For the most part, I feel ok. I have more good days than bad. Does that make me strong? I have no idea. Maybe just lucky. Maybe just crazy. The power of the mind is amazing. I can pretty easily convince myself into a fit of sobs and then just as easily calm myself with all of the hope and goodness I have recently discovered through this experience. What should I really feel? I don't know. I find it all so tiring most of the time. I try not to think too hard about what should or shouldn't be. I am surviving. I am living. That is enough for now.
I decided tonight to write out my list of hope and goodness. This is what I cling to when I feel the lump in my throat grow larger, the tears begin to well, the tidal wave of emotion warning me from the distance.
My List of Hope and Goodness
- She went straight from the warmth and the love of my body to the warmth and the love of God's arms.
- She never suffered, never felt pain.
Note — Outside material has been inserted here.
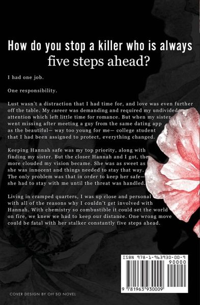 I had one job. One responsibility. Lust wasn't a distraction that I had time for, and love was even further off the table. My career was demanding and required my undivided attention which left little time for romance. But when my sister went missing after meeting a guy from the same dating app as the beautiful- way too young for me- college student that I had been assigned to protect, everything changed. Keeping Hannah safe was my top priority, along with finding my sister. But the closer Hannah and I got, the more clouded my vision became. She was as sweet as she was innocent and things needed to stay that way. The only problem was that in order to keep her safe- she had to stay with me until the threat was handled. Living in cramped quarters, I was up close and personal with all of the reasons why I couldn't get involved with Hannah. With chemistry so combustible it could set the world on fire, we knew we had to keep our distance. One wrong move could be fatal with her stalker constantly five steps ahead.

She will never feel physical pain.
- She only knew love. She knows we love her. She will only ever know love.
- She is still with me ... in spirit.
- We will be together again.
- She was greeted by a host of family members including her Grammy Marilyn who wanted so much to meet Riley but never did.
- When I cry, I cry for me and the pain I feel. Reese will never know this pain that I feel. She will never have to cry for anyone or miss anyone with such intensity.
- I have my little miracle, Riley Elizabeth, here on earth and she counts on me to be strong, loving and protective.
- Riley will never know the raw pain we feel. She is too young for this to be a painful memory.
- I have an amazing husband who loves and misses Reese as much as I do - my partner in this journey.
- I have incredible parents who shower Riley with love and adoration and do the same for Reese, as much as it is possible to do this from a distance. Missing her with a sweetness that only grandparents can.
- I have a sister who is a wonderful friend, a tender heart, a lifeline, who cries with me from across the miles.
- I have aunts, uncles, cousins, a mother and father in-law, sister and brother in-laws, and so many other family members who have reached out their arms and their prayers, lifting our family up to God and wishing us peace.
- I have an overwhelming network of friends and co-workers who cried with me, wrapped me in hugs, held my hand, sent me notes of compassion and would do anything for me.
- I have met a new, beautiful group of women who have also experienced the loss of their children and who have become my kindred spirits, despite the fact that most of us have never met in person.
- I have a new understanding for others who have suffered or are suffering. I feel a new commitment to give back, to make the world a better place through love and compassion. I am a better person. I can be there for others and be the mother I always wanted to be by showing my children about compassion.
- I have a new focus. A new appreciation for life, for each day, for each moment. I will not take life for granted.
- Every day is one day closer to when I will meet Reese again but I do not need to rush through life in order to get there faster. She will wait for me and, when I get there, I will run to her.